■ Exercise details: Would you transcribe the records below exactly, omitting every picture?

■ Material supplied:
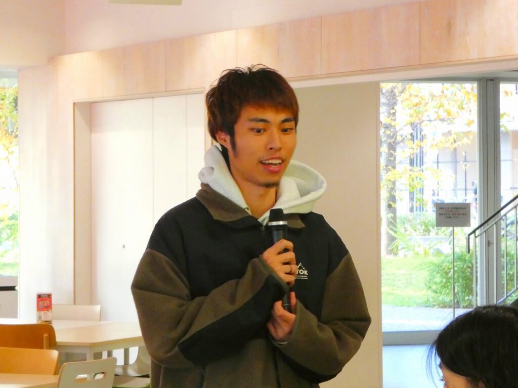 学友会 中央委員会 議長の田中翔大さんより学友会の現状について報告があり、学生主体の活動や課題について共有されました。
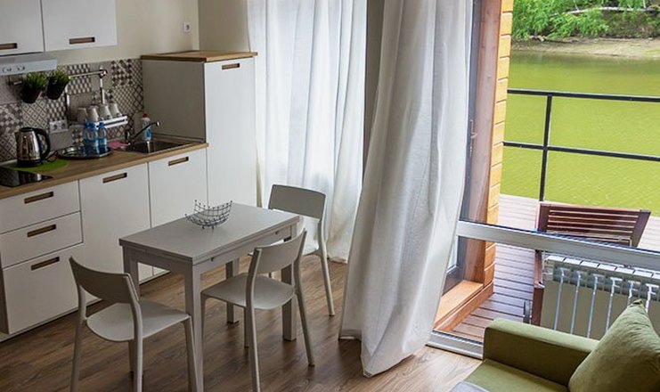 В номере: Кухня, вешалка, зеркало, комод, кровать двуспальная, кухонная мебель, стол, стулья, шкаф, микроволновая печь, набор посуды, телевизор, чайный набор посуды, электрочайник
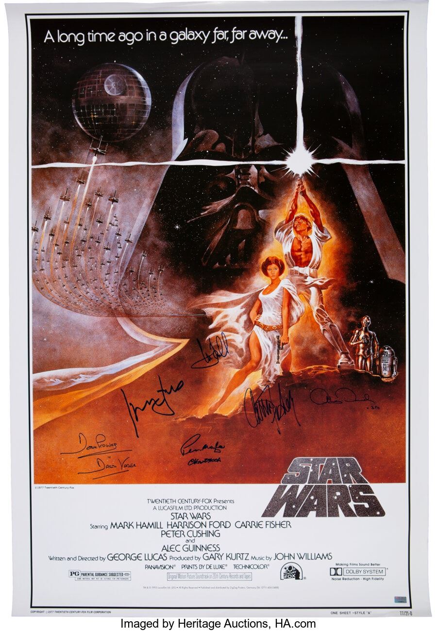Star WarsCast Signed Movie Poster. An early 1990s replication of the original 1977 one-sheet poster for what was then called Star Wars(later titled, Star Wars Episode IV: A New Hope) signed by six members principal cast members with various felt tips. Signatures include: Harrison Ford, Carrie Fisher, Mark Hamill, Anthony Daniels, Peter Mayhew, and David Prowse. Measures 27 ¼" x 39 ½". In Near Mint Minus condition with some handling wear in the upper right portion. COA cards (with pictures of the cast members signing it) from Celebrity Authentics. COA from Heritage Auctions.
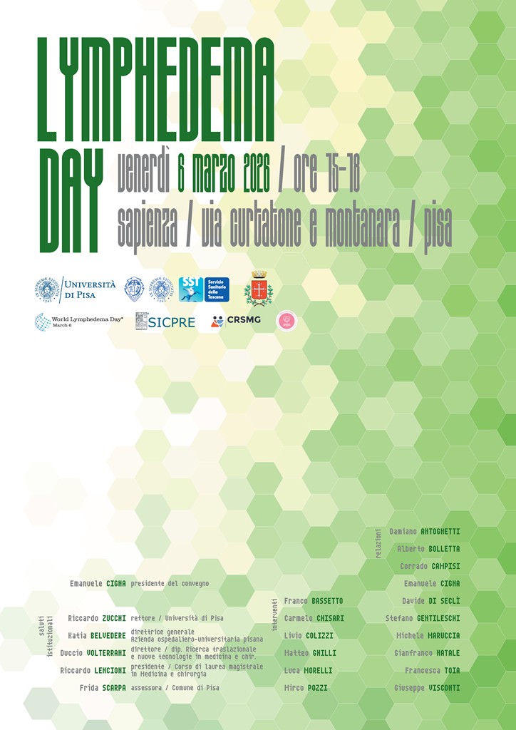 Venerdì 6 marzo, dalle 15 alle 18, l'aula magna storica della Sapienza (via Curtatone e Montanara, Pisa) ospiterà il convegno "Lymphedema Day", organizzato in occasione della Giornata Mondiale del Linfedema (World Lymphedema Day), che si celebra da undici anni in tutto il mondo.
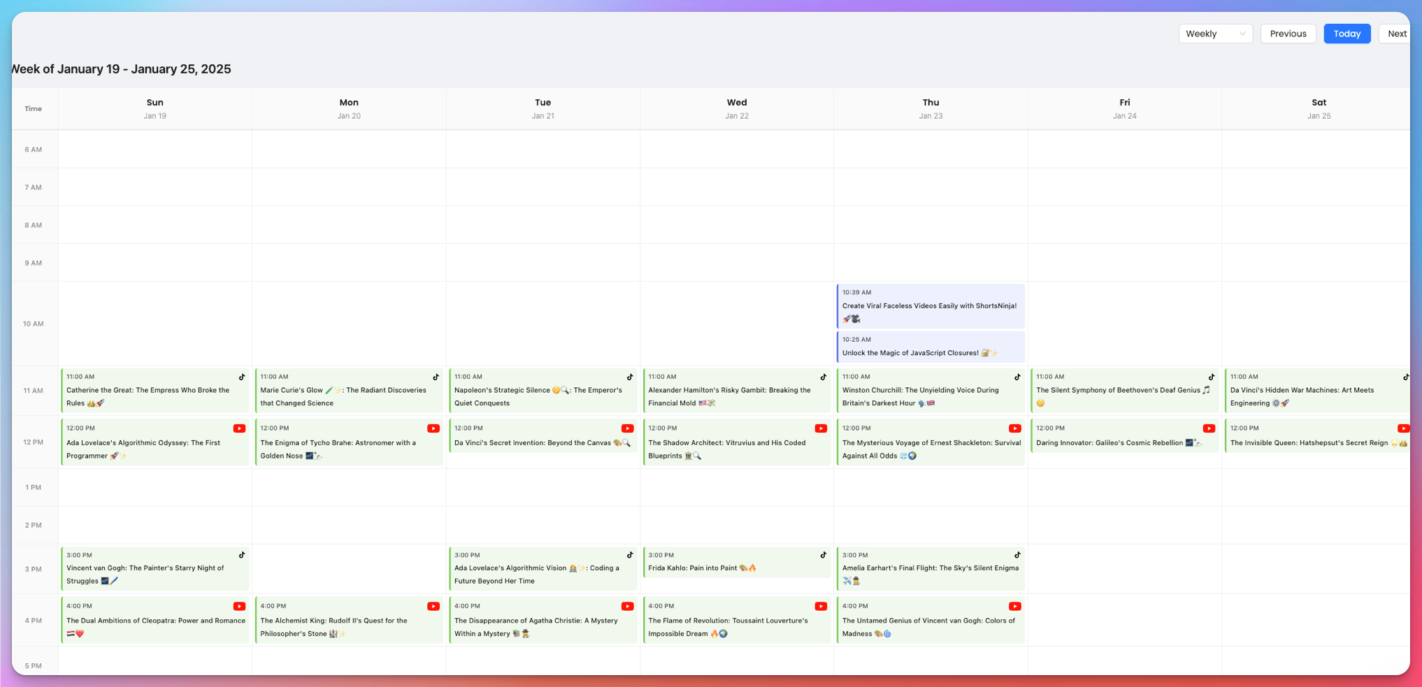 You can now view all your videos in a calendar, organized by creation or publish date, with daily, weekly, and monthly views.
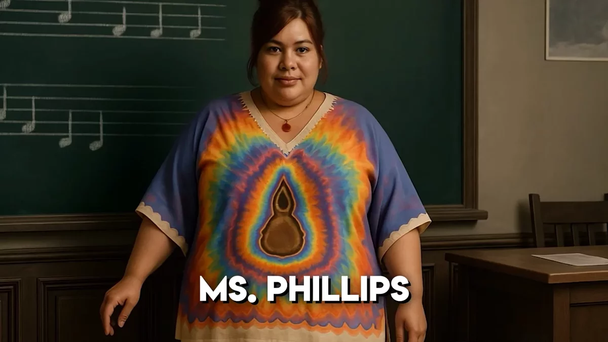 На видео показаны такие персонажи, как Джимми Хопкинс, Гэри Смит, мисс Дэнверс, мистер Бертон, Биф Тэйлор, Руди, Джонни Винсент, Рассел Нортроп, Директор Крэбблснитч, Пит Ковальски, Дейдра Филлипс, Пинки Готье, Эрнест Джонс, Лола Ломбарди, Кристи Мартин, Беатрис Трюдо и Юнис Пунд.
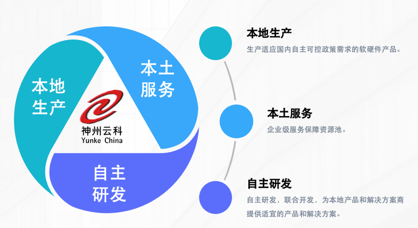 紧跟国家自主可控战略,神州9500金沙通过“本地生产、本土服务、自主研发”的战略路径,打造自主品牌、生产自主产品,为合作伙伴提供神州数码自主品牌、自主知识产权的云基础设施产品、服务及解决方案。
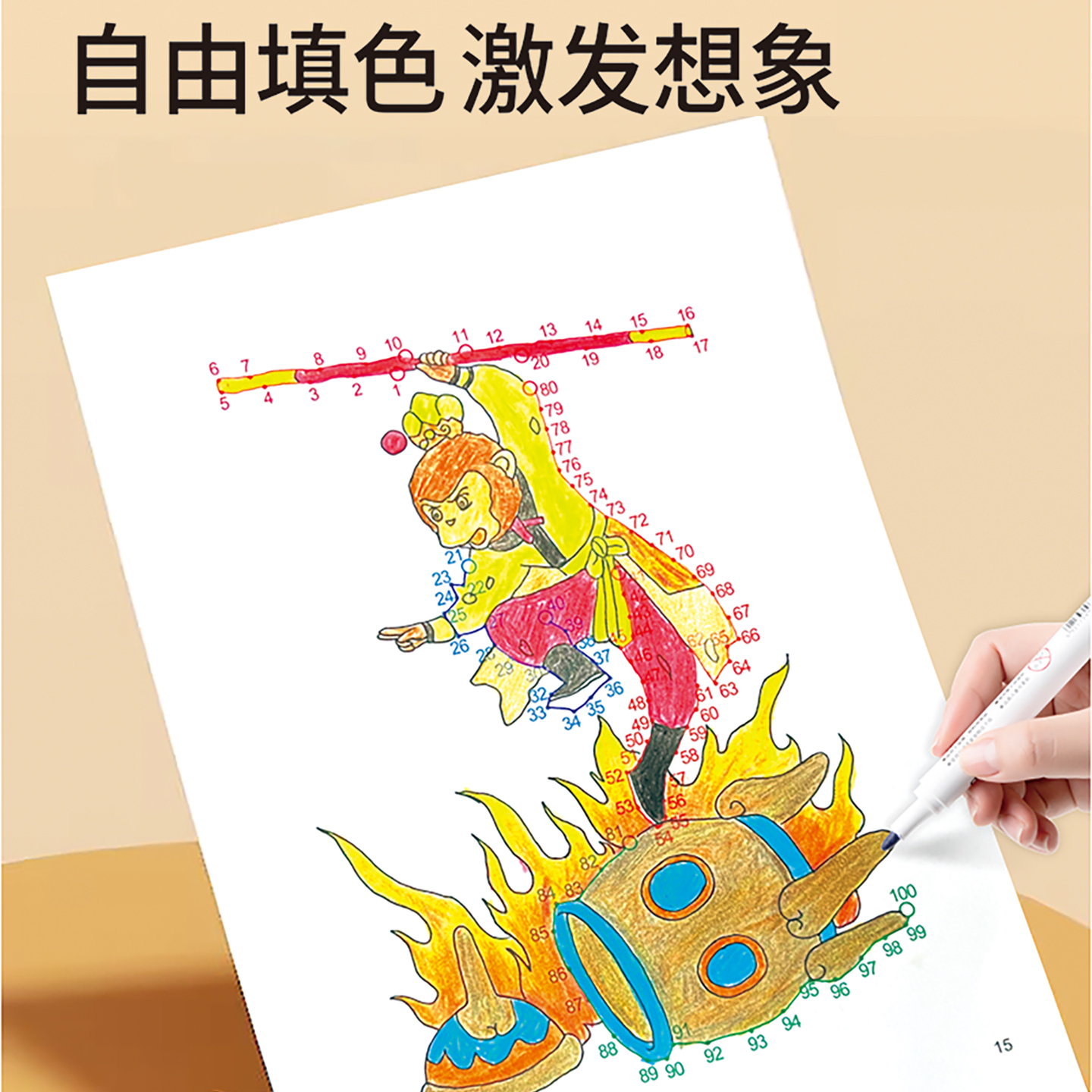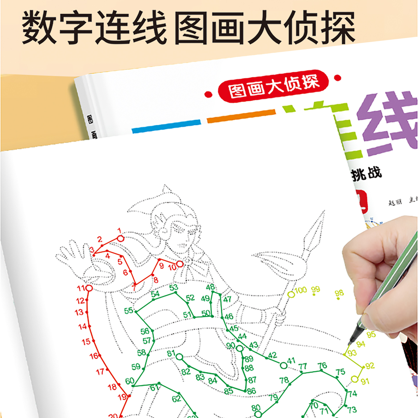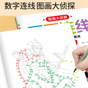 儿童专注力大挑战数字连线画魔法线条幼儿宝宝控笔训练入门幼儿园2 6岁涂色书画画本全脑开发动脑绘本绘画图画美术侦探水浒传

■ Exercise answer:
 学友会 中央委員会 議長の田中翔大さんより学友会の現状について報告があり、学生主体の活動や課題について共有されました。
 В номере: Кухня, вешалка, зеркало, комод, кровать двуспальная, кухонная мебель, стол, стулья, шкаф, микроволновая печь, набор посуды, телевизор, чайный набор посуды, электрочайник
Star WarsCast Signed Movie Poster. An early 1990s replication of the original 1977 one-sheet poster for what was then called Star Wars(later titled, Star Wars Episode IV: A New Hope) signed by six members principal cast members with various felt tips. Signatures include: Harrison Ford, Carrie Fisher, Mark Hamill, Anthony Daniels, Peter Mayhew, and David Prowse. Measures 27 ¼" x 39 ½". In Near Mint Minus condition with some handling wear in the upper right portion. COA cards (with pictures of the cast members signing it) from Celebrity Authentics. COA from Heritage Auctions.
 Venerdì 6 marzo, dalle 15 alle 18, l'aula magna storica della Sapienza (via Curtatone e Montanara, Pisa) ospiterà il convegno "Lymphedema Day", organizzato in occasione della Giornata Mondiale del Linfedema (World Lymphedema Day), che si celebra da undici anni in tutto il mondo.
 You can now view all your videos in a calendar, organized by creation or publish date, with daily, weekly, and monthly views.
 На видео показаны такие персонажи, как Джимми Хопкинс, Гэри Смит, мисс Дэнверс, мистер Бертон, Биф Тэйлор, Руди, Джонни Винсент, Рассел Нортроп, Директор Крэбблснитч, Пит Ковальски, Дейдра Филлипс, Пинки Готье, Эрнест Джонс, Лола Ломбарди, Кристи Мартин, Беатрис Трюдо и Юнис Пунд.
 紧跟国家自主可控战略,神州9500金沙通过“本地生产、本土服务、自主研发”的战略路径,打造自主品牌、生产自主产品,为合作伙伴提供神州数码自主品牌、自主知识产权的云基础设施产品、服务及解决方案。
 儿童专注力大挑战数字连线画魔法线条幼儿宝宝控笔训练入门幼儿园2 6岁涂色书画画本全脑开发动脑绘本绘画图画美术侦探水浒传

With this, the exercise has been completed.